17.1.3 to any charity or charities for use for particular purposes that fall within the Objects.

17.2 Subject to any such resolution of the members of the charity, the Trustees of the charity may at any time before and in expectation of its dissolution resolve that any net assets of the charity after all its debts and liabilities have been paid, or provision made for them, shall on or before dissolution of the charity be applied or transferred:

17.2.1 directly for the Objects; or

17.2.2 by transfer to any charity or charities for purposes similar to the Objects; or

17.2.3 to any charity or charities for use for particular purposes that fall within the Objects.
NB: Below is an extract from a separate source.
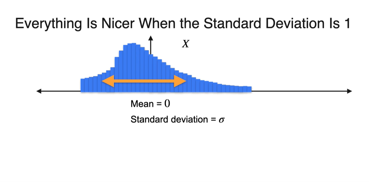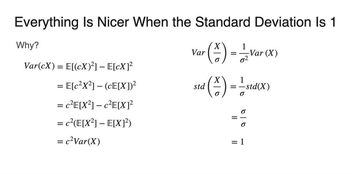 In general: 인 선형 변환을 거친 확률 변수의 분포는 기댓값과 분산(표준 편차)의 선형 변환으로도 표현 가능하다.

17.3 In no circumstances shall the net assets of the charity be paid to or distributed among the members of the charity (except to a member that is itself a charity) and if no resolution in accordance with article 17.1 is passed by the members or  the Trustees the net assets of the charity shall be applied for charitable purposes as directed by the Court or the Commission.

 

  1. INTERPRETATION

In the Memorandum and in these Articles:

‘The 2006 Act’ means the Companies Act 2006
‘AGM’ means an annual general meeting of the Charity
‘Area of Benefit’ means Cholsey and immediate surrounds
‘these Articles’ means these articles of association
‘authorised representative’ means an individual who is authorised by a member organisation to act on its behalf at meetings of the Charity and whose name is given to the Secretary
‘Chair’ means the Chair of the Trustees
‘the Charity’ means the company governed by these Articles
‘charity trustee’ has the meaning prescribed by section 97(1) of the Charities Act 1993
‘clear day’ means 24 hours from midnight following the relevant event ‘the Commission’ means the Charity Commissioners for England and Wales
‘General Meeting’ means a general meeting of the Charity
‘material benefit’ means a benefit which may not be financial but has a monetary value
‘member’ and ‘membership’ refer to membership of the Charity
‘Memorandum’ means the Charity’s Memorandum of Association
‘month’ means calendar month
‘the Objects’ means the Objects of the Charity as defined in clause 3 of the Memorandum
‘Secretary’ means the Secretary of the Charity
‘taxable trading’ means carrying on a trade or business on a continuing basis for the principal purpose of raising funds and not for the purpose of actually carrying out the Objects and the profits of which are liable to tax
‘Trustee’ means a director of the Charity and ‘Trustees’ means all of the directors
‘written’ or ‘in writing’ refers to a legible document on paper including a fax message ‘year’ means calendar year

                                                   

Words importing one gender shall include all genders, and the singular includes the plural and vice versa.

 

18.1 Expressions defined in the Act have the same meaning

18.2 Unless the context otherwise requires words or expressions contained, these articles have the same meaning as in the 2006 Act but excluding any statutory modification not in force when this constitution becomes binding on the charity.

18.3 References to an Act of Parliament are to the Act as amended or re-enacted from time to time and to any subordinate legislation made under it.